Document Detail

Expression of insulin-like growth factor (IGF) family members in porcine pregnancy.
MedLine Citation:
PMID:  21685713     Owner:  NLM     Status:  MEDLINE    
Prenatal mortality is a prime concern for commercial swine industry in North America. Fetal losses occur throughout gestation but cluster in early (~day20) and mid (~day50) pregnancy.
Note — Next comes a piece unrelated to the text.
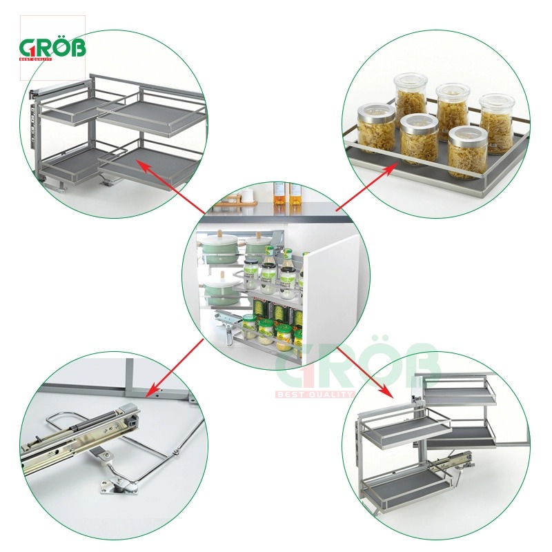 Giữ căn bếp ngăn nắp, dễ lấy đồ dùng: Thiết kế xoay và kéo ra hoàn toàn giúp bạn dễ dàng lấy đồ, không cần tìm kiếm lâu.

Adequate vascularization of the attachment site has emerged as a key factor contributing to fetal success. Since Insulin-Like Growth Factor (IGF) family members regulate angiogenesis in addition to promoting fetal development and growth, we hypothesized that conceptus success is governed by members of the IGF family. Using quantitative real time PCR, we analyzed expression of IGF family members (IGF-I, IGF-II, IGF-I Receptor (IGF-IR), IGF-IIR and their binding proteins, IGFBPs) in matched maternal and fetal tissues of healthy and arresting conceptuses at gestation days (gd) 20 and 50. IGF-II transcripts were 100 fold increased in both maternal and fetal tissues compared to IGF-I, but receptor transcripts were found in similar abundance irrespective of health status and gestation point. IGFBP3 was the most abundantly transcribed of the binding proteins. Using immunohistochemistry we confirmed the expression of IGF family members in maternal luminal and glandular epithelial cells, the endothelium of blood vessels and some scattered stromal cells. Our results suggest that IGF-I and II and their receptors are differentially expressed at the maternal and fetal components of the attachment site.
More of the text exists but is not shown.